=== Task statement ===
All of the data, except its images, should be set down exactly as it appears.

=== Source material ===
________
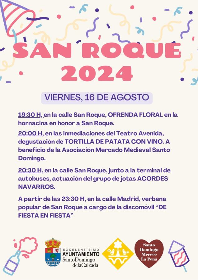 Ante la llegada del 16 de agosto, «desde la Concejalía de Cultura y Festejos se ha elaborado un programa de actos para celebrar una de las fiestas que, en los años 90, tuvo mucha popularidad en Santo Domingo de la Calzada y más concrétamente en el barrio que lleva el nombre de este santo: estamos hablando de la fiesta de San Roque.
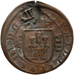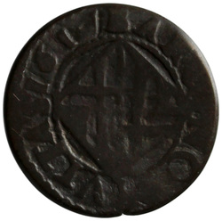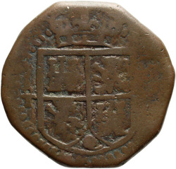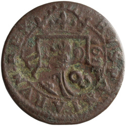 [ ]CHID AVST D[ ] BRAB Zc, Crowned sheild enclosing royal arms within a tressure of six arches
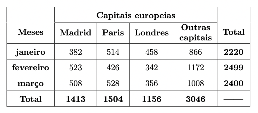 A tabela seguinte mostra o número de viagens vendidas pela agência nos primeiros três meses do ano.
________
=== Exercise response ===
 Ante la llegada del 16 de agosto, «desde la Concejalía de Cultura y Festejos se ha elaborado un programa de actos para celebrar una de las fiestas que, en los años 90, tuvo mucha popularidad en Santo Domingo de la Calzada y más concrétamente en el barrio que lleva el nombre de este santo: estamos hablando de la fiesta de San Roque.
 [ ]CHID AVST D[ ] BRAB Zc, Crowned sheild enclosing royal arms within a tressure of six arches
 A tabela seguinte mostra o número de viagens vendidas pela agência nos primeiros três meses do ano.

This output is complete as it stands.